Comparisons stay shallow. You can compare aggregate scores, but the useful questions are deeper. Which examples changed? Did the prompt change materially? Did the dataset version change? Was the metric identical?

Production feedback goes unused. The most valuable data is often sitting in traces from real users, but there is no disciplined path from interesting trace to reviewed example to fresh evaluation.

Team concurrency gets dangerous. One person is changing the metric, another is adding examples, another is compiling candidates, and suddenly nobody is comparing apples to apples.

The shape of Helix

The way I think about Helix is simple.

It is a system that keeps the loop closed:

version the dataset and split definitions
snapshot the program code and metric code used by every experiment
store the full compilation configuration
keep per-example evaluation results, not just aggregate scores
track what is currently deployed
pull in production traces and queue them for human review
stage promotion candidates with enough context for a human decision

The interface I want is also simple.

The primary interface is an AI agent, because the mechanical work is tedious:

Run ingredient-analyzer with GEPA on gemini-flash, compare it against what is deployed, and prepare a recommendation if the trade-offs are good.

The agent should handle the mechanics. It should generate the config, run the compile, evaluate the result, compare it against other candidates, and present the outcome for review.

But it should stop at the two human gates.

The dashboard matters too, but mostly as a shared surface for inspection and review: browsing experiments, drilling into per-example diffs, reviewing traces, and approving promotions.

Why the name Helix

I keep picturing the lifecycle as a spiral.

Each turn passes through the same phases again: trace, review, compile, evaluate, compare, approve.

But if the loop is working, each turn starts from a better place than the last one. Production behavior feeds the next dataset. The dataset sharpens the next evaluation. The evaluation informs the next compile. The program improves.

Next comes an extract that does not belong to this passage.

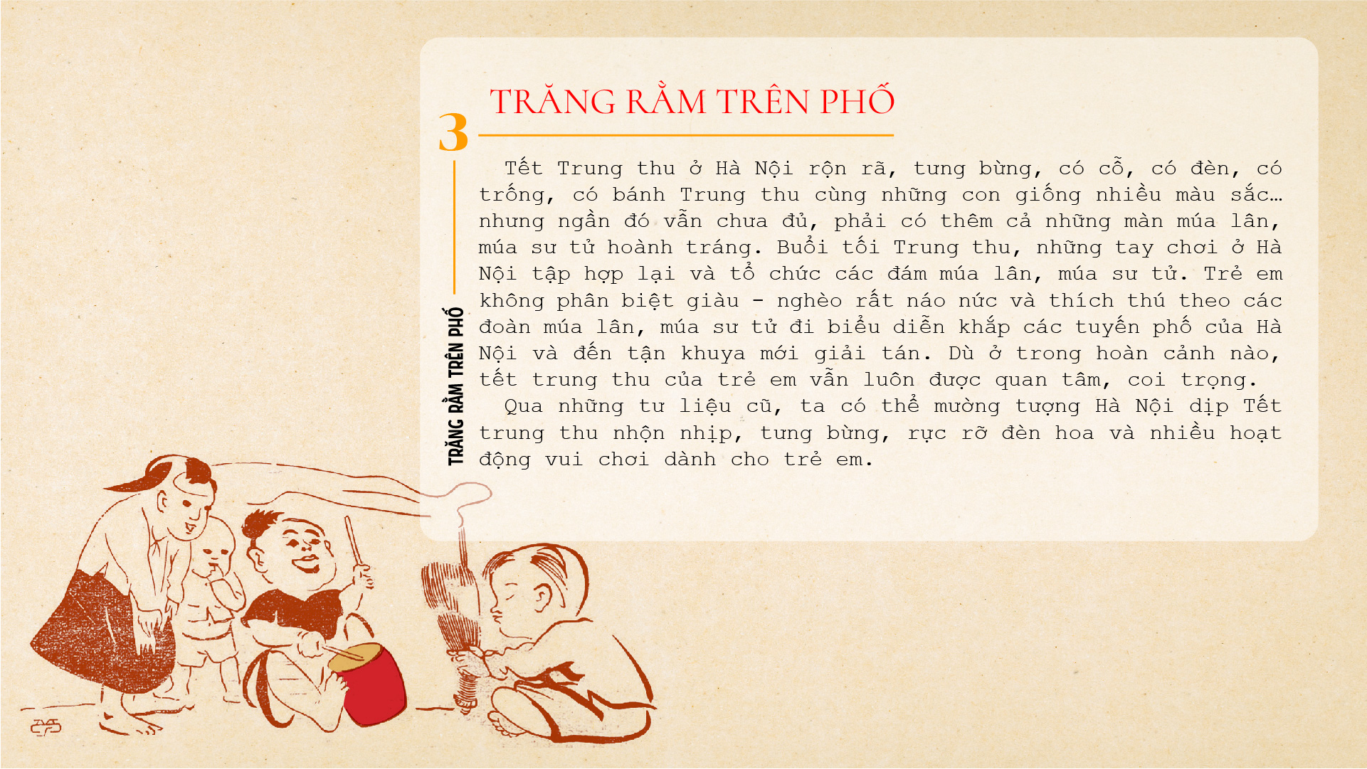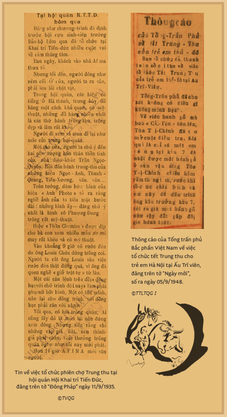 Qua những tư liệu cũ, ta có thể mường tượng Hà Nội dịp Tết trung thu nhộn nhịp, tưng bừng, rực rỡ đèn hoa và nhiều hoạt động vui chơi dành cho trẻ em.

That is the image behind the name.

Not a one-off experiment. A continuously improving loop.

Closing thought

I think every team doing serious optimization on DSPy programs eventually runs into the same wall.

The wall is not lack of optimizers. It is not lack of evals. It is not even lack of production traces.

The wall is that the lifecycle is fragmented.

Helix is my attempt to make that lifecycle explicit, closed, and continuously improving, while keeping the two irreversible decisions in human hands: what counts as truth, and what is worth shipping.